Btw, you can reuse the same HttpClient as many times are [as] you like so typically you won't create/dispose them all the time.

The second paragraph is superfluous to this question, which is not concerned about how many times you can use an HttpClient instance, but about if it is necessary to dispose it after you no longer need it.

(Update: in fact that second paragraph is the key to the answer, as provided below by @DPeden.)

So my questions are:

  1. Is it necessary, given the current implementation (.NET Framework 4.5), to call Dispose() on HttpClient and HttpClientHandler instances?
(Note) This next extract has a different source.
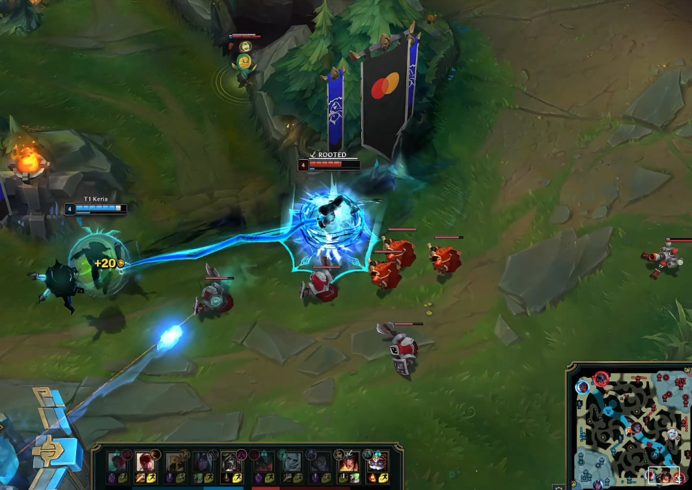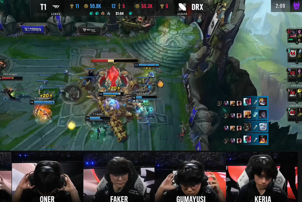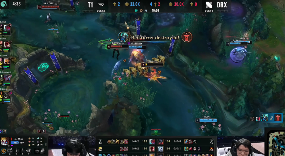 19分钟DRX战队终于找到机会蹲到T1双人组,但Zeka塞拉斯大招跟晚了,被韦鲁斯闪现逃跑,自己只换了个辅助。

Clarification: by "necessary" I mean if there are any negative consequences for not disposing, such as resource leakage or data corruption risks.

  2. If it's not necessary, would it be a "good practice" anyway, since they implement IDisposable?
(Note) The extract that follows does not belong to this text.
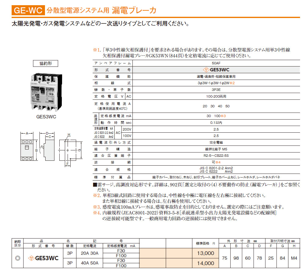 GE53WC 3P 20A F100 分散型電源システム用 漏電ブレーカ 協約形

  3. If it's necessary (or recommended), is this code mentioned above implementing it safely (for .NET Framework 4.5)?

  4. If these classes don't require calling Dispose(), why were they implemented as IDisposable?

  5. If they require, or if it's a recommended practice, are the Microsoft examples misleading or unsafe?

12
@Damien_The_Unbeliever, thank you for your feedback. Do you have any suggestions on how I could clarify the question? I want to know if it can lead to the issues generally associated with not disposing of resources, such as resource leakage and data corruption.Fernando Correia
@Damien_The_Unbeliever: Not true. In particular, stream writers must be disposed to have correct behavior.Stephen Cleary
@StephenCleary - what aspects are you thinking of? Certainly, you can call Flush on one after every write, and other than the inconvenience of it continuing to hold the underlying resources for longer than necessary, what won't occur that is required for "correct behavior"?Damien_The_Unbeliever
This is plain wrong: "As a rule, when you use an IDisposable object, you should declare and instantiate it in a using statement". I would read the documentation on the class implementing IDisposable always before deciding whether I should use a using for it. As the author of libraries where I implement IDisposable becuase need to release unmanged resources, i would be horrified if consumers created disposed an instance each time instead of re-using an existing instance. That is not to say don't dispose of instance eventually..markmnl
I have submitted a PR to microsoft to update their docs: github.com/dotnet/docs/pull/2470markmnl

12 Answers

279
votes

The general consensus is that you do not (should not) need to dispose of HttpClient.

Many people who are intimately involved in the way it works have stated this.

See Darrel Miller's blog post and a related SO post: HttpClient crawling results in memory leak for reference.

I'd also strongly suggest that you read the HttpClient chapter from Designing Evolvable Web APIs with ASP.NET for context on what is going on under the hood, particularly the "Lifecycle" section quoted here:

Although HttpClient does indirectly implement the IDisposable interface, the standard usage of HttpClient is not to dispose of it after every request. The HttpClient object is intended to live for as long as your application needs to make HTTP requests. Having an object exist across multiple requests enables a place for setting DefaultRequestHeaders and prevents you from having to re-specify things like CredentialCache and CookieContainer on every request as was necessary with HttpWebRequest.

Or even open up DotPeek.

64
votes

The current answers are a bit confusing and misleading, and they are missing some important DNS implications. I'll try to summarize where things stand clearly.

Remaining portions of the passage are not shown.